Namens appellante is in hoger beroep herhaald waarom er naar haar mening geen sprake is van een situatie als bedoeld in het tussenkomstartikel, terwijl tevens staande wordt gehouden dat gedaagde het vertrouwensbeginsel heeft geschonden.
De Raad overweegt dienaangaande als volgt.
Het geschil tussen partijen betreft de vraag of betrokkene in de periode 1994/1997 in een verzekeringsplichtige arbeidsverhouding in de zin van de zogenoemde tussenkomstregelgeving, vervat in artikel 5, aanhef en onder d, van de sociale werknemersverzekeringswetten juncto artikel 3 van het KB, werkzaam is geweest.
De Raad is met de rechtbank en gedaagde van oordeel dat de arbeidsverhouding tussen betrokkene en appellante als een fictieve dienstbetrekking in de zin van de tussenkomstregelgeving kan worden aangemerkt. De Raad stelt daartoe op basis van de gedingstukken vast dat ten aanzien van betrokkene sprake is van persoonlijk verrichten van arbeid voor een derde door tussenkomst van appellante als lichaam op wie de verplichting tot loonbetaling rustte. De vraag of er al dan niet sprake is van een gezagsverhouding tussen betrokkene en appellante is in dit kader niet relevant.

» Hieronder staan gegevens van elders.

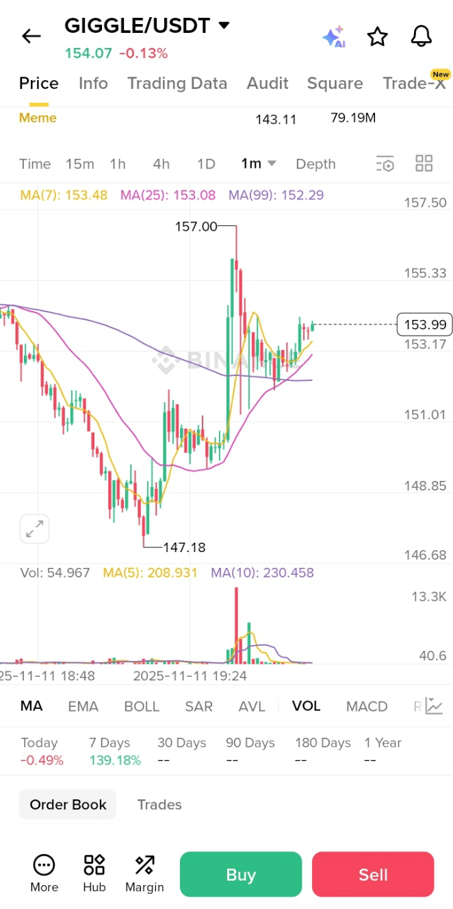 Le medie mobili (MA7 ≈ 153.48, MA25 ≈ 153.08, MA99 ≈ 152.29) sono ora allineate strettamente e inclinano verso l'alto, segnalando una tendenza rialzista a breve termine.$GIGGLE/USDT — Analisi di Mercato Dopo il Picco di 157$GIGGLE
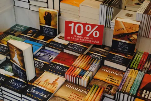 I u ovoj knjižari možete kupiti 3 knjige za 499 dinara kao i 3 knjige za 999 dinara. Pored toga veliki broj enciklopedija možete kupiti sa popustom od 50 odsto. Detalje o ovim akcijama pročitajte ovde.
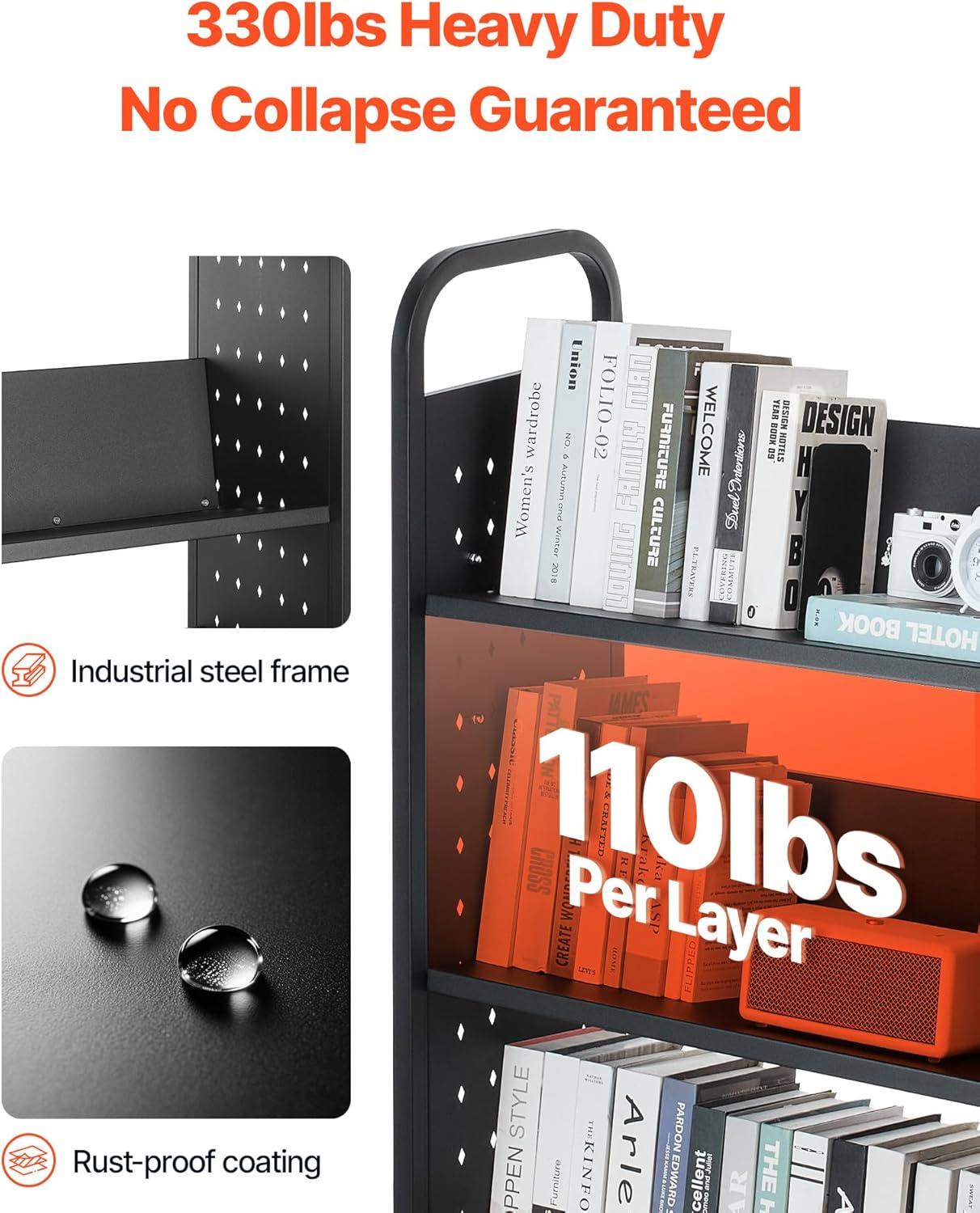 Stable Load-bearing: Made of high-strength carbon steel, each layer of the rolling book cart supports 110 lbs (50 kg), with a total capacity of 330 lbs (150 kg). The rust-resistant coating ensures durability, ideal for heavy books or equipment
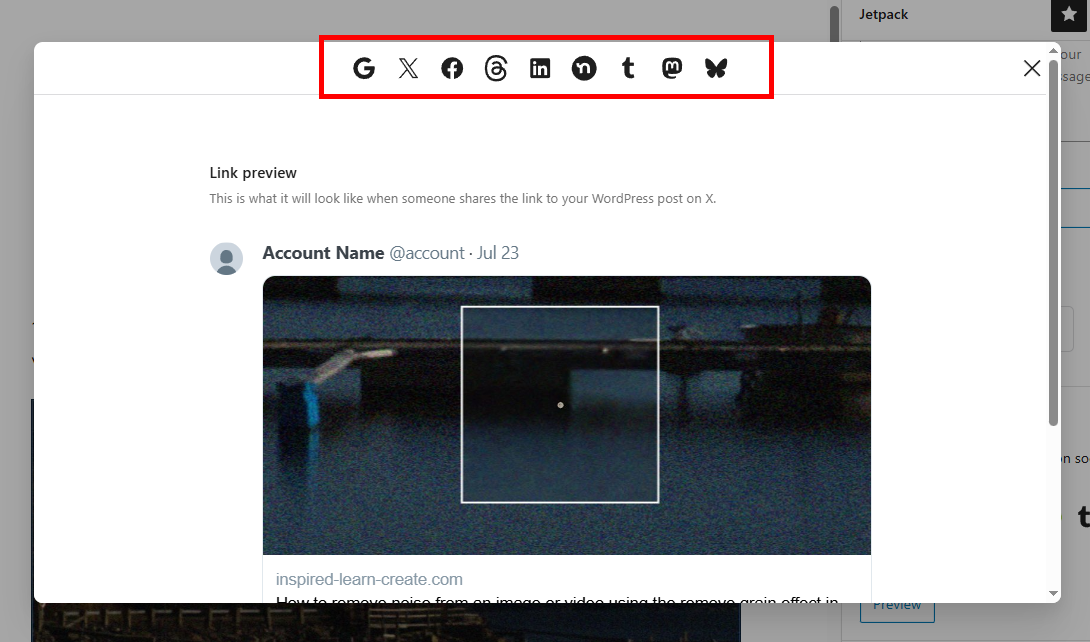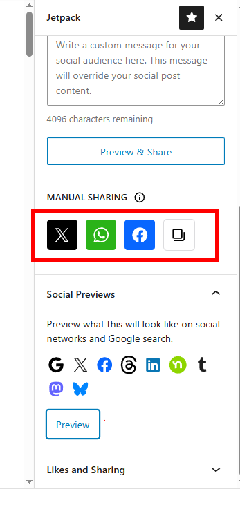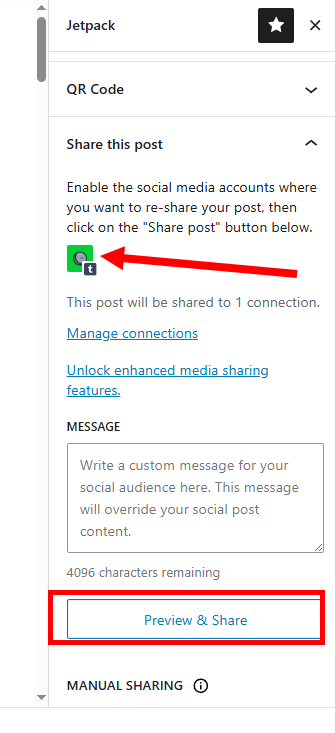 10)우측 상단의 제트팩 아이콘을 활성화하고 share this post를 확인합니다.

De grief ten aanzien van de schending van het vertrouwensbeginsel acht de Raad afdoende weerlegd door gedaagde in het verweerschrift in hoger beroep. De Raad voegt daaraan toe dat uit de rapportage van 13 juni 1997 niet blijkt dat ondubbelzinnige toezeggingen gedaan zijn omtrent de verzekeringsplicht van betrokkene, maar dat de verzekeringsplicht van een aantal derden, waaronder betrokkene, onderwerp van nader onderzoek diende te zijn. Dit nadere onderzoek heeft uiteindelijk plaatsgevonden op 22 februari 1999 op welk moment appellante in kennis werd gesteld van het rapport van
13 juni 1997.
De ter zitting van de Raad namens appellante naar voren gebracht grief dat gedaagde de redelijke termijn op grond van artikel 6 EVRM heeft geschonden kan de Raad uitgaande van de datum van de primaire beslissing niet delen.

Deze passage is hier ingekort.